Renal Failure & Its Effects On Dogs
As a dog ages, his kidneys lose the ability to filter the blood efficiently. At a more advanced stage, the digested by-products that usually pass through urine accumulate in the blood and become toxic.
Following are the ways in which you can take care of your dog’s kidney problems:
How to protect my dog’s kidneys?
If the symptoms of kidney failure in your dogs are not visible, do not alter his protein intake. Dogs need to receive enough protein in their diets, which are then stored in their muscles. Unless your vet tells you otherwise, do not change your dog’s protein diet.
Phosphorus is the first element that tends to accumulate in the blood in cases of renal dysfunction. If your dog has normal phosphorus levels in his blood, there is a good chance of a long-life expectancy.
Signs of chronic renal deficiency.
The signs of chronic renal deficiency tend to appear in the later stages of the disease and are not always easy to detect.
Observe your dog’s water consumption habits.
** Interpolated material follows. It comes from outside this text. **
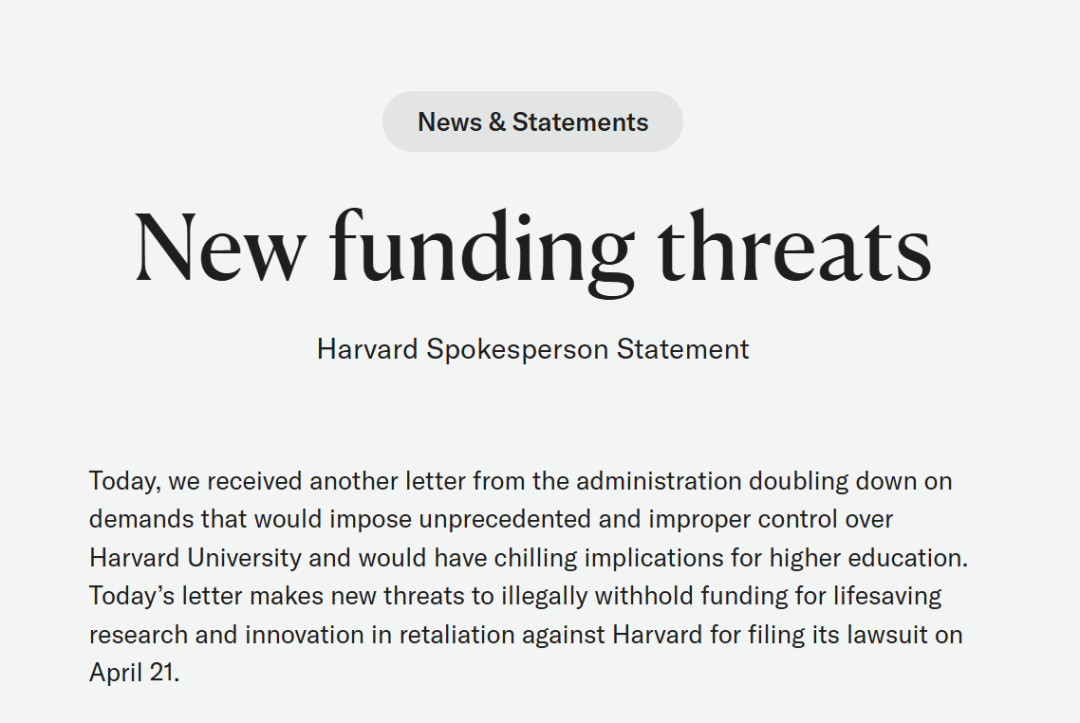 - 哈佛大学已经确认自己收到了政府的来信,称相关信函发出了“新威胁”,这是一种报复行为。哈佛将继续抵制美国政府的“非法越权行为”。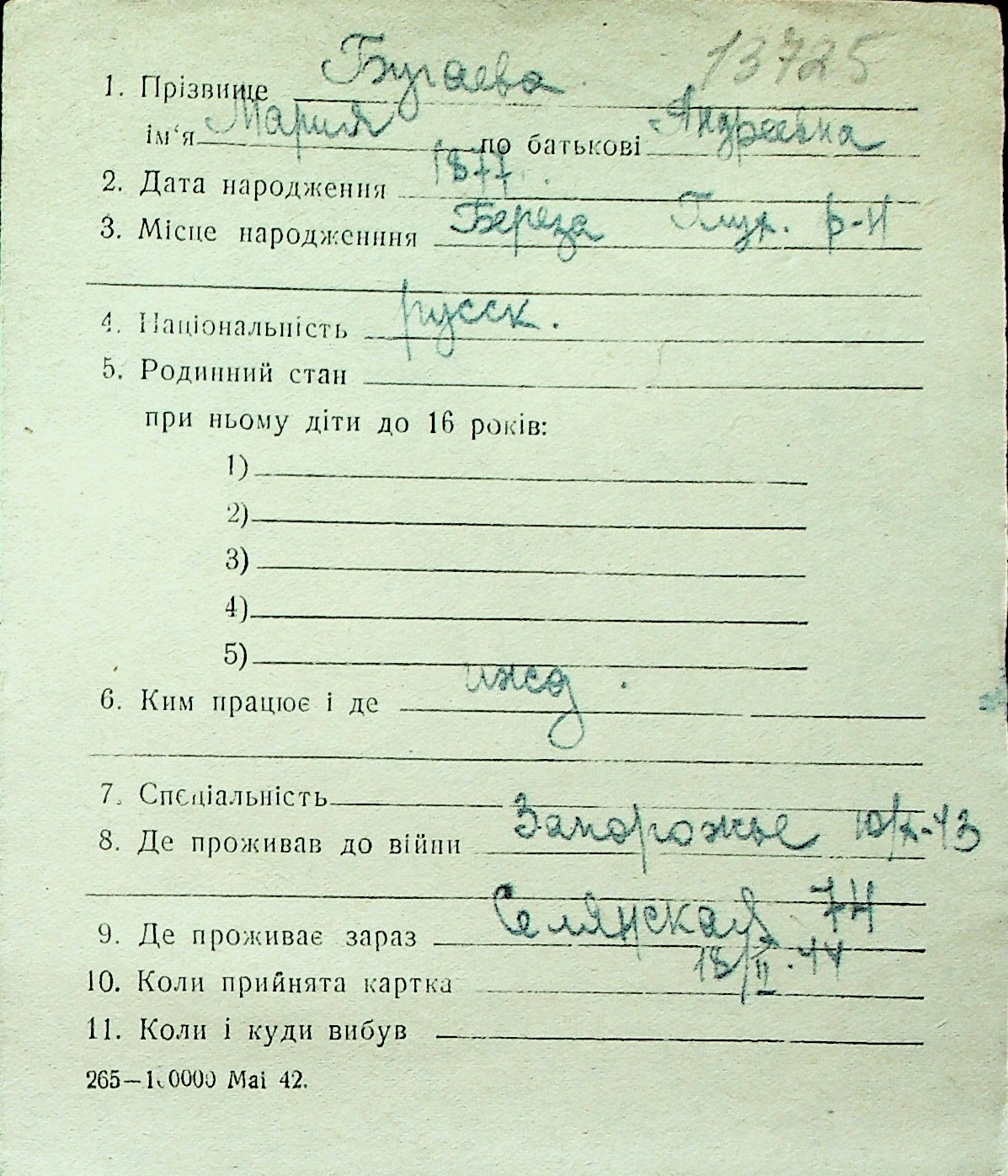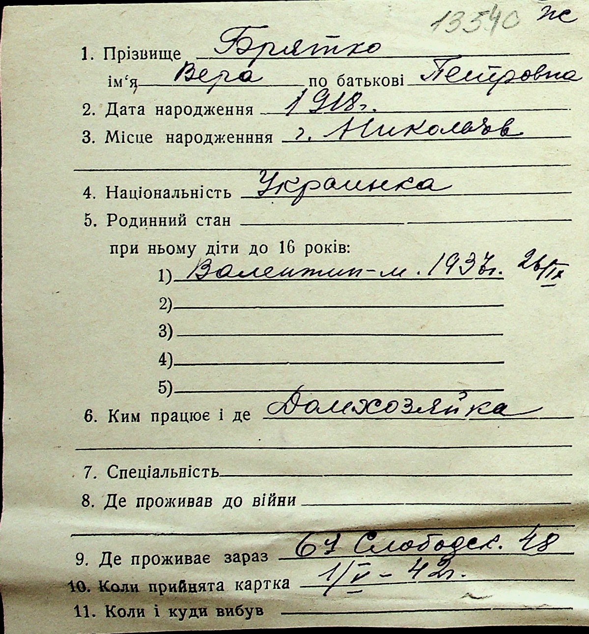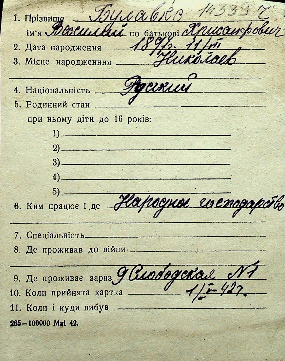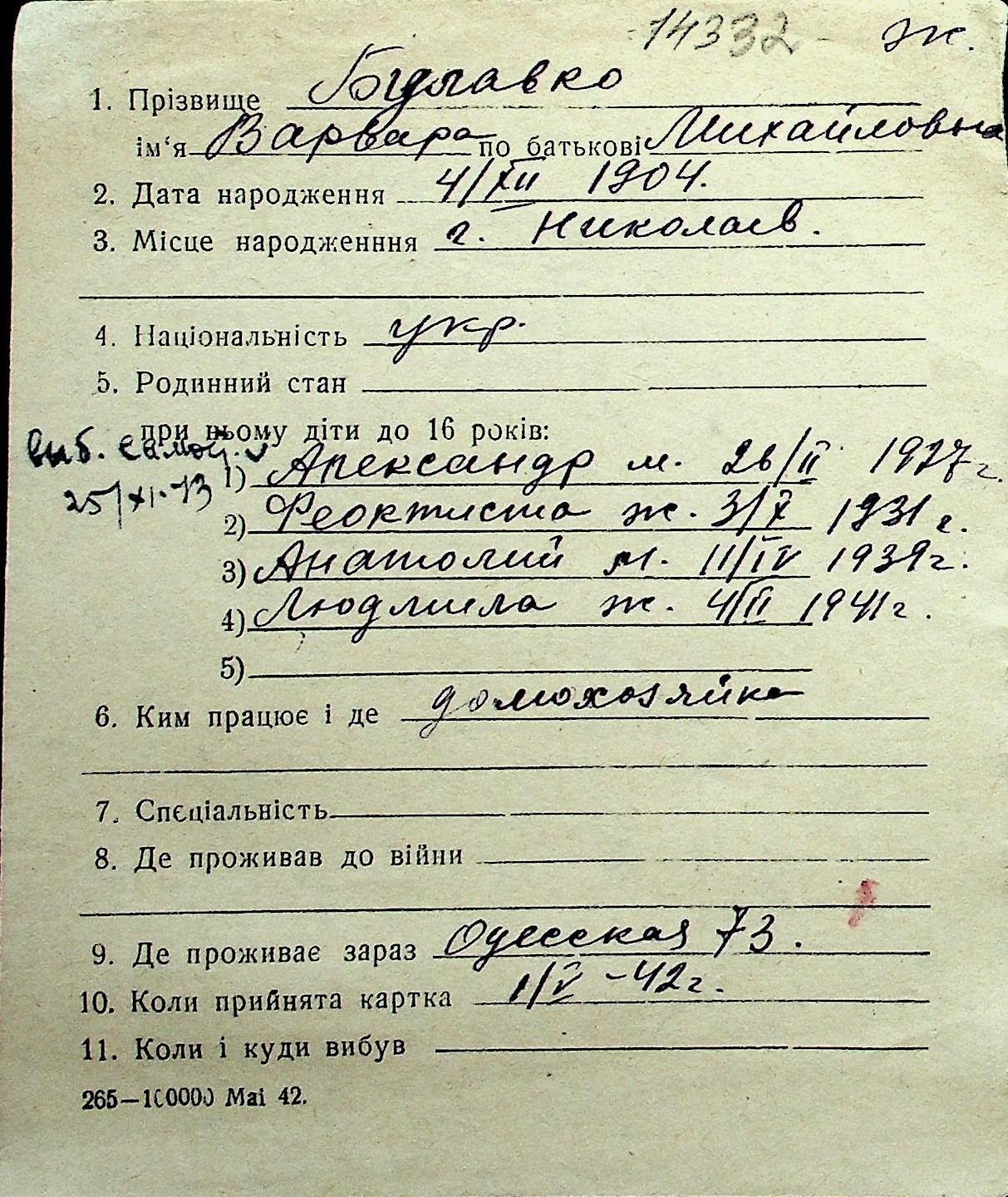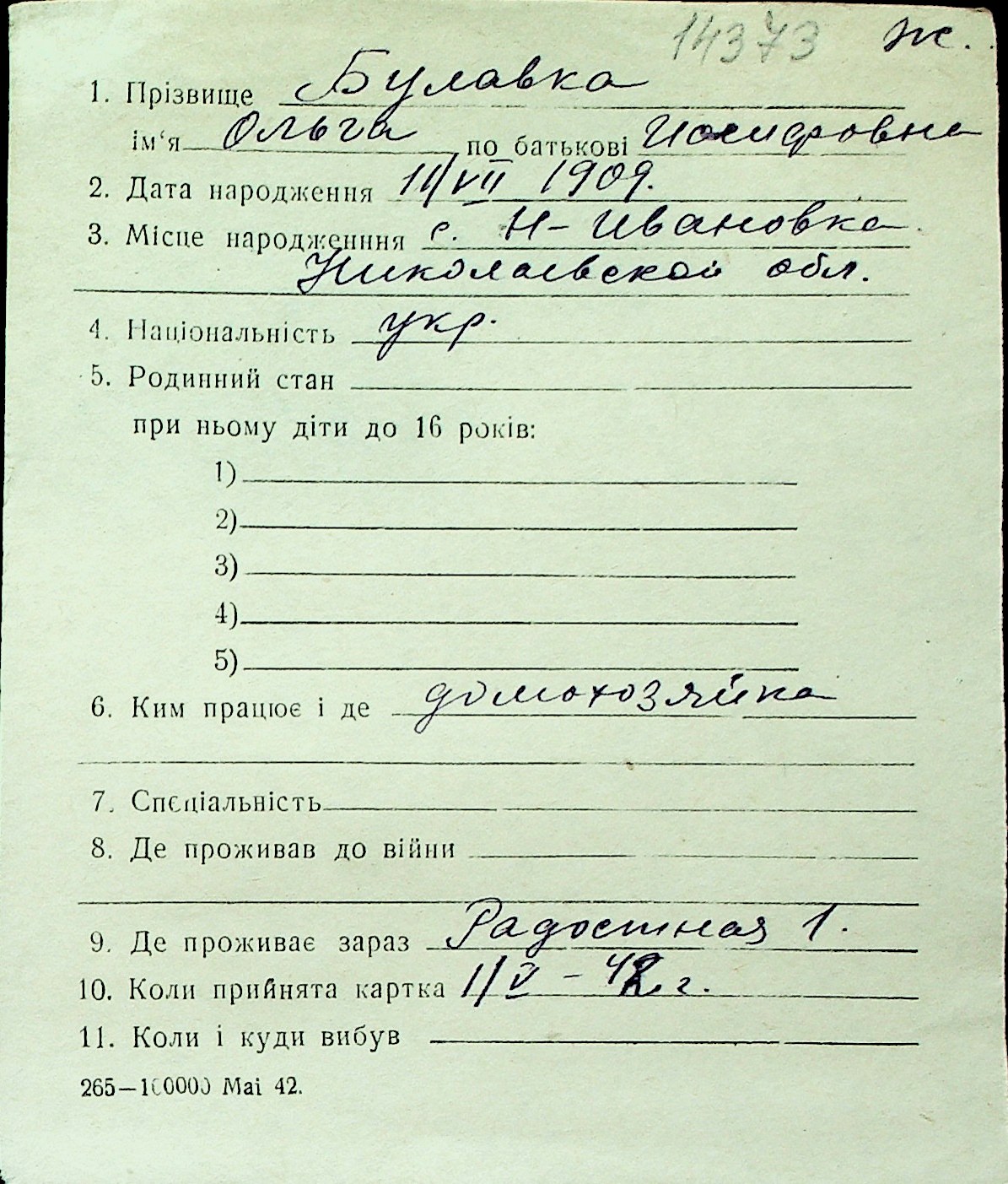 ◦ ◦ Перелік карток на осіб, які мешкали у м. Миколаїв у період окупації 1941–1944 років

If he’s drinking more water than usual, it could be a sign that his kidneys are losing the ability to concentrate urine. A fussy appetite, weight loss too are signs of the same.
Regular veterinary check-ups
Try to take your dog to a veterinarian at least once a year, or twice a year if he is older than 6-7 years. If the renal deficiency is detected early, an adapted nutritional programme can be extremely effective, and the wellbeing of your dog will be improved.